An audience member asked Lubey how the authors of these works being men might have affected the content of the various pieces of literature that were discussed.

Lubey said the authors of many of the works were anonymous, but that did not change the fact that the male-dominated society impacted how these stories were structured by placing greater emphasis on male autonomy than female autonomy.

“A simpler answer to your question is absolutely, heterosexual masculine desire structured the focus of these texts,” Lubey said. “I think even if women did write some of them, they’re still trafficking in that set of conventions.”

Lubey said she cannot help hearing how taboo what she is talking about is.

“The strap-on dildo, in other words, is sorry I do sometimes hear myself, and I think, ‘What if my mother could hear me?’” Lubey said. “I do have those thoughts. Sorry if I’m being too serious. The strap-on dildo, in other words, facilitates penetrative sex between anatomical women.”

Claire Gleitman, professor in the Department of English, helped to organize the event and said she brought Lubey to campus to inform students on how sex toys were used to erode sexism in the 18th century.

“I thought it would be a great opportunity for our students to see the rich intellectual life that a person can have in the humanities, and an IC graduate at that,” Gleitman said. “More specifically, [Kathleen’s] work on 18th-century pornography calls attention to forms of feminist resistance to the misogyny that was otherwise so pervasive in the 18th century.”

Junior Dean Shinner asked Lubey how she navigates pronoun usage in her work in which someone like Vizzani acted like a man most of their life despite being born a woman. 

Lubey said she tried to avoid using certain pronouns during the lecture, but, in her other works, she tries to strike a balance of when to use which pronoun.

“I tried to just say Vizzani or say ‘the’ as a pronoun instead of her or his, so I dodged it a bit in this talk,” Lubey said. “The ethics of it are tricky because on the one hand you don’t want to impose, especially because Vizzani was a historical person.
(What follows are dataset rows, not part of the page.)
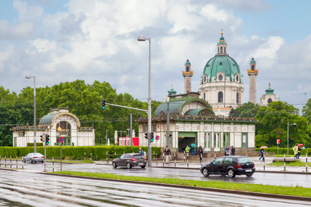 Vienna, Austria - May 29 2019: Karlsplatz Metro Station (German: Stadtbahn-Station Karlsplatz) is an Otto Wagner's ornate Art Nouveau pavilion at Karlsplatz station, housing a dedicated art exhibition.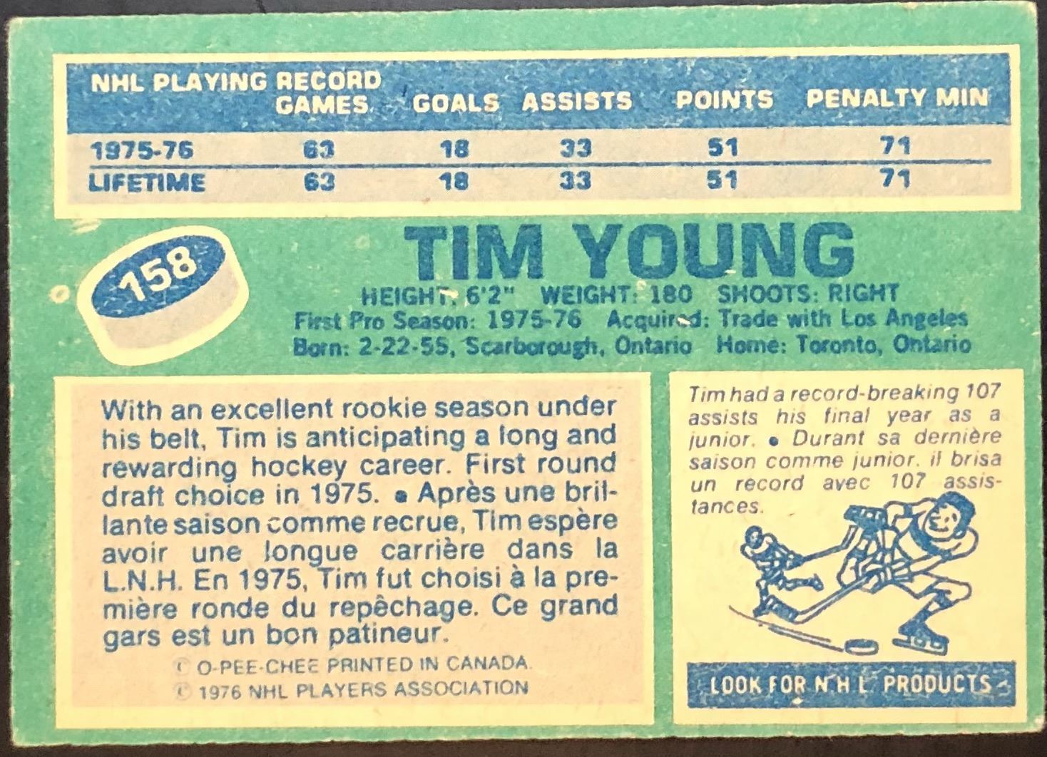 Lot 914 1976-77 NHL O-PEE-CHEE TIM YOUNG ROOKIE CARD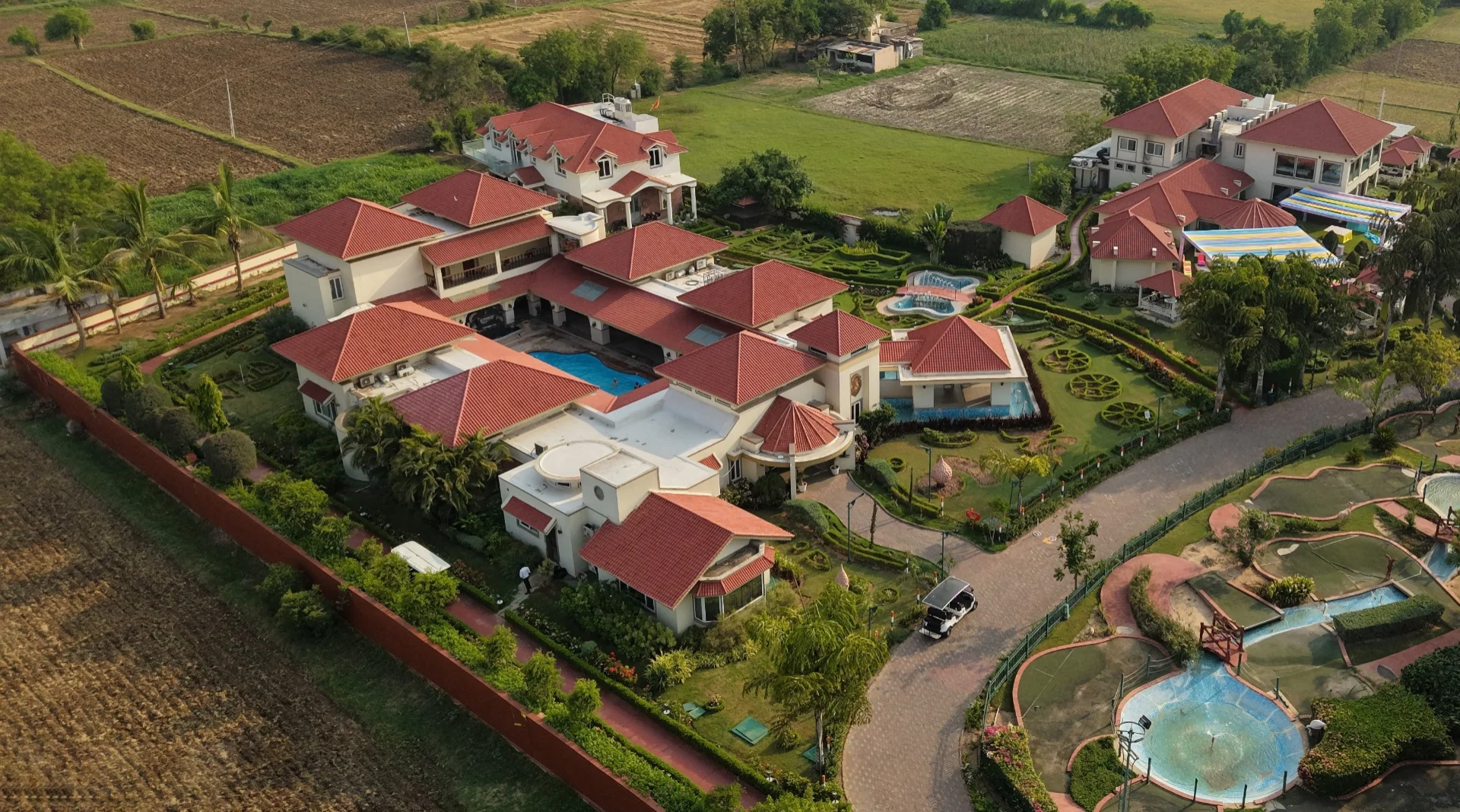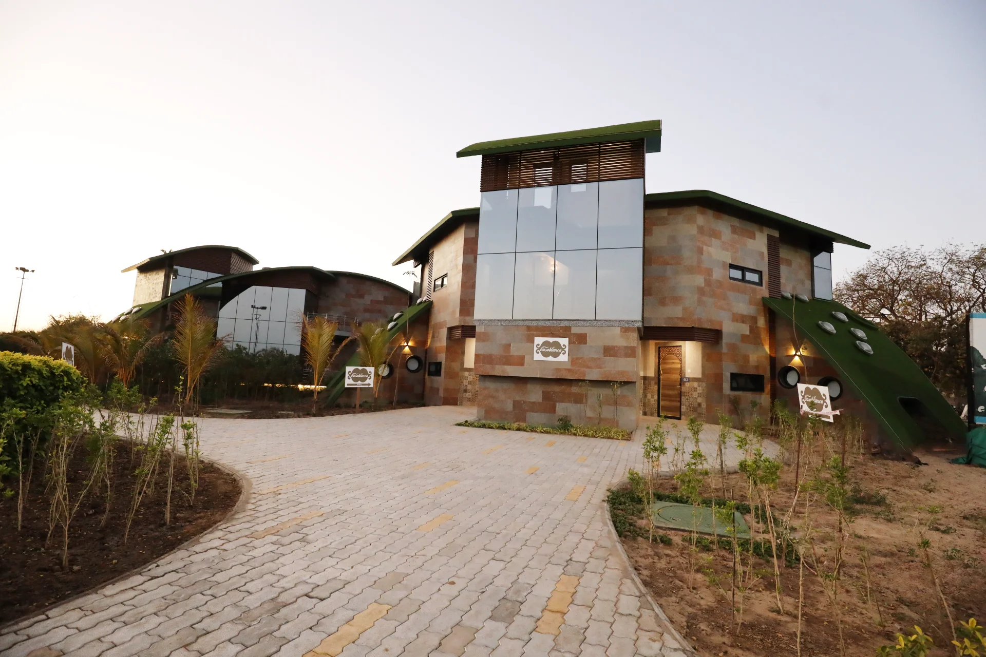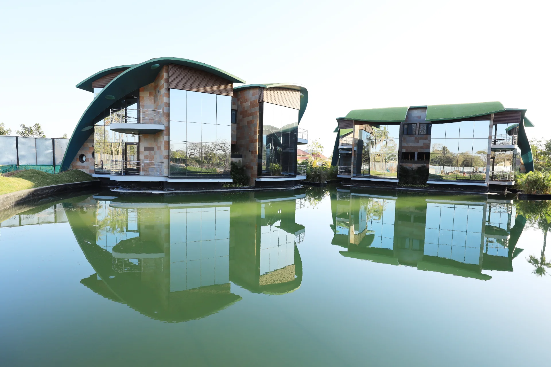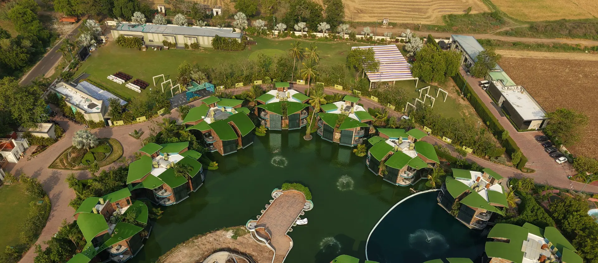The project comprises 54 thematic water chalets, a luxury hotel building with 70 rooms, an expansive party lawn with well-appointed bridal suites, an impressive outdoor stage, a large banquet kitchen, a manmade lake with infinity pool, and a solar farm–cum–parking facility.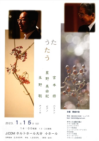 2023年1月15日(日)、J:COMホルトホール大分小ホールにて「うたうたう」が開催されます。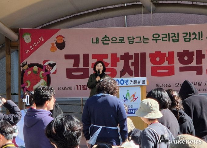 어웨이크뉴스 오경하 기자 | 경기도의회 교육기획위원회 김영희 의원(더불어민주당, 오산1)은 지난 2일 오산 오색시장 고객지원센터 광장에서 열린 김장체험학교 행사에 참석해 전통 김장 문화의 의미를 전했다.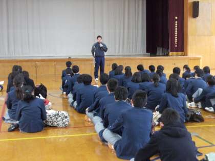 昼食終了後、各学級で短学活をしました。その後、明日からの私学入試に向けて、受験者は体育館に集まり、諸注意を受けました。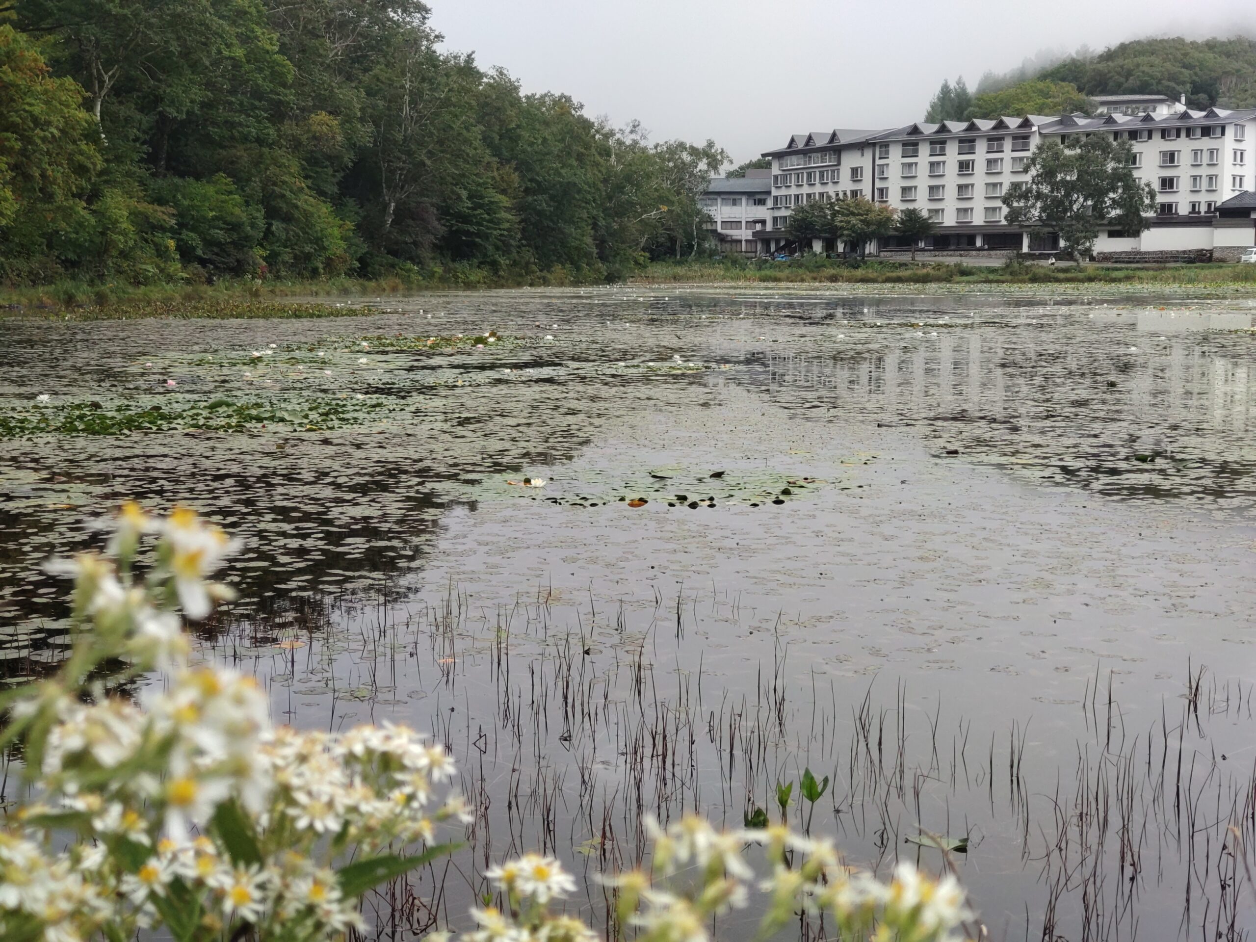 志賀高原山の駅までゴンドラで戻ってきました。そしてその駅の隣がもう蓮池になっています。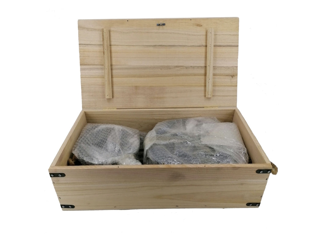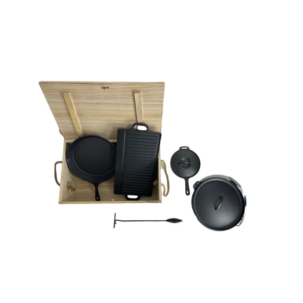 Deze uitgebreide Dutch Oven Set van Landmann bestaat uit een 12 inch Dutch Oven 6 qt (zonder pootjes), een 12 inch Skillet, 8 inch steelpan, dubbelzijdige bakplaat, dekselhouder, deksellifter in hersluitbare houten kist. Met deze set kun je op de barbecue, maar ook thuis op het gasfornuis heerlijk eten bereiden. Omdat de pannen geen pootjes hebben, ook te gebruiken op een gasfornuis, inductieplaat, elektrische oven en keramische warmtebronnen. Outdoors ook perfect mee koken op open vuur. En door het speciale handvat blijft de Dutch Oven perfect hangen aan een ketting of haak in een driepoot.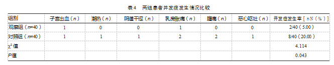 治疗后,观察组子宫出血、潮热、阴道干涩、乳房胀痛等并发症发生率低于对照组,差异有统计学意义(P<0.05)。见表4。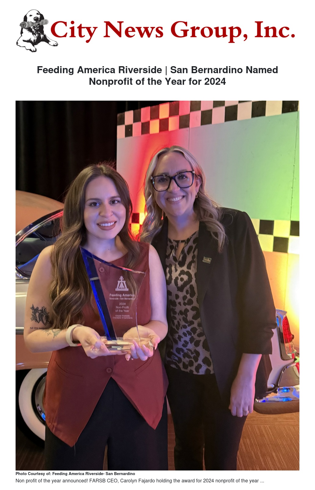 Feeding America Riverside | San Bernardino Named Nonprofit of the Year for 2024 by Rachel Bonilla - City News Group, Inc.

You don’t want to make a decision that modernizes a sexuality that wasn’t available to Vizzani, but, on the other hand, I wouldn’t want to alienate readers today.”

Shinner said it was interesting to hear about the changing power dynamics among men and women when women use dildos.

“I think the implications of what Lubey was talking about, with the dildo as a disassociation of genitalia like a genitalia external from a person who can allow them to access male power that they may not have otherwise, is really fascinating,” Shinner said.